Concrete Example: When a user asks a malicious question (e.g., how to build a weapon), a standard LM generates a compliant response, and only after generation can a guardrail flag it. This wastes compute on the harmful output.

Key Novelty

Conformal Probing of Input Representations

Trains linear classifiers (probes) on the internal activations of the *final input token* to predict properties of the *entire future output sequence* (e.g., will it fail to follow instructions?)
Applies conformal prediction to these probes to guarantee that early warnings or exits only occur when the system is statistically confident, deferring to the base model otherwise

Architecture

Conceptual diagram of the Conformal Probing Early Warning System.

Evaluation Highlights

Reduces successful jailbreak rate by 91% (from 30% to 2.7%) on WildJailbreak by preemptively detecting failures to abstain
Reduces inference costs for Chain-of-Thought classification by 65% on average across 27 datasets with negligible accuracy loss (<1.4%)
Achieves >90% precision in detecting alignment failures (answering unanswerable questions) on SelfAware and KnownUnknown datasets

Breakthrough Assessment

8/10

Strong empirical evidence that input tokens encode future behavior, combined with a rigorous statistical framework (conformal prediction) to make it practical. Significant efficiency/safety gains.

⚙️ Technical Details

Problem Definition

Setting: Given an input prompt x, predict a property y of the eventual output sequence (generated by LM f(x)) using only the internal representation of x.

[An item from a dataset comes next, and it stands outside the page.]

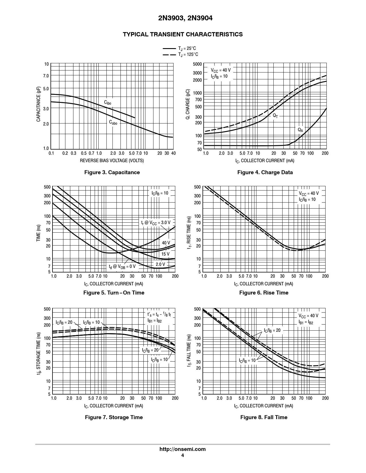 2N3903, 2N3904. TYPICAL TRANSIENT CHARACTERISTICS. Figure 3. Capacitance. Figure 4. Charge Data. Figure 5. Turn−On Time

Inputs: Internal hidden states of the final token of the input prompt

Outputs: Prediction set of potential behaviors (or early exit decision) satisfying a user-defined confidence level

Pipeline Flow

Input Processing (LM computes hidden states for prompt)
Probing (Linear classifier predicts output behavior from hidden state)
Conformal Calibration (Check if prediction confidence meets threshold alpha)
Decision (Exit early/Abstain OR Defer to full LM generation)

System Modules

Input Processor

Compute internal representations for the input prompt

Model or implementation: Llama-3.1-8B (also tested on Mistral-7B, DeepSeek-R1-Distill)

Conformal Probe

Predict eventual behavior and determine if confidence is sufficient to act

Model or implementation: Linear Classifier (Logistic Regression)

Novel Architectural Elements

Integration of conformal prediction with hidden state probing to create a selective early-exit mechanism that guarantees error bounds

Modeling

Base Model: Llama-3.1-8B (primary), Mistral-7B-Instruct-v0.3, DeepSeek-R1-Distill-Qwen-14B

Training Method: Training linear probes (classifiers) on frozen LM activations

Objective Functions:

Purpose: Minimize classification error of the probe.

Formally: Standard Cross-Entropy Loss for the linear classifier.

Trainable Parameters: Linear layer weights (input dimension d to output classes c)

Training Data:

Datasets split into training/calibration/testing
Balanced splits of successes/failures for behavior detection tasks

Key Hyperparameters:

alpha: 0.9 (default confidence level)
training_size: Varied (showed effectiveness with <500 instances)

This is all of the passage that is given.